On several occasions, people within the television and entertainment industry have suggested that Holby City is a waste of the television licence fee, with some suggesting that it ought to be cancelled. In August 2002, Paul Bolt, director of the Broadcasting Standards Commission criticised BBC programming as being "humdrum" and "formulaic", saying of Holby City and the police procedural Merseybeat: "One begins to wonder what really is the point of the BBC bringing this to us. Let's have something a bit different." Then head of BBC drama Jane Tranter responded that Bolt's examples were "highly selective" as well as "hugely patronising to the millions of viewers who enjoy popular dramas like Holby City – week in, week out". Young, who at the time held the position of head of drama serials, told The Guardian: "Popular drama has always been singled out for criticism, but people are increasingly voting with their on-buttons." Also in 2002, David Cox of the New Statesman criticised BBC One's 2001 Christmas schedule, for airing Holby City against a contemporary version of Othello.

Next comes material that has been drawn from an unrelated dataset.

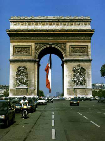 大凯旋门是为纪念法国军队的光荣和胜利而建造的,其规模超过了罗马的君士坦丁凯旋门。它位于戴高乐广场中央,建成于1836年,是古老巴黎的象征。它只有一个拱门,高50米,宽45米,长22米。门的每一面上都有一幅巨幅浮雕,内容取材于1792—1815年的法国战争史。

On this basis, Cox advocated the abolition of the licence fee, explaining: "The BBC was invented in a period when the elite decided what the population should know. If that has gone, then the licence fee should go too." At the 2003 Edinburgh International Television Festival, BSkyB chief executive Tony Ball called for stricter restrictions on how the BBC spent licence payers' money, suggesting that Holby City be sold to the channel's commercial rivals, with the proceeds used to develop more original programming. The BBC refused Ball's suggestion, responding in a statement: "This speech clearly reflects BSkyB's view that programmes are merely a commodity to be bought and sold." In June 2004, Charles Allen, chief executive of ITV plc questioned the amount of funding spent on lengthened episodes of Holby City, and in January 2010, Janet Street-Porter of The Independent argued that Holby City was one of several series which had "come to the end of their natural life" and "should be put out of its misery."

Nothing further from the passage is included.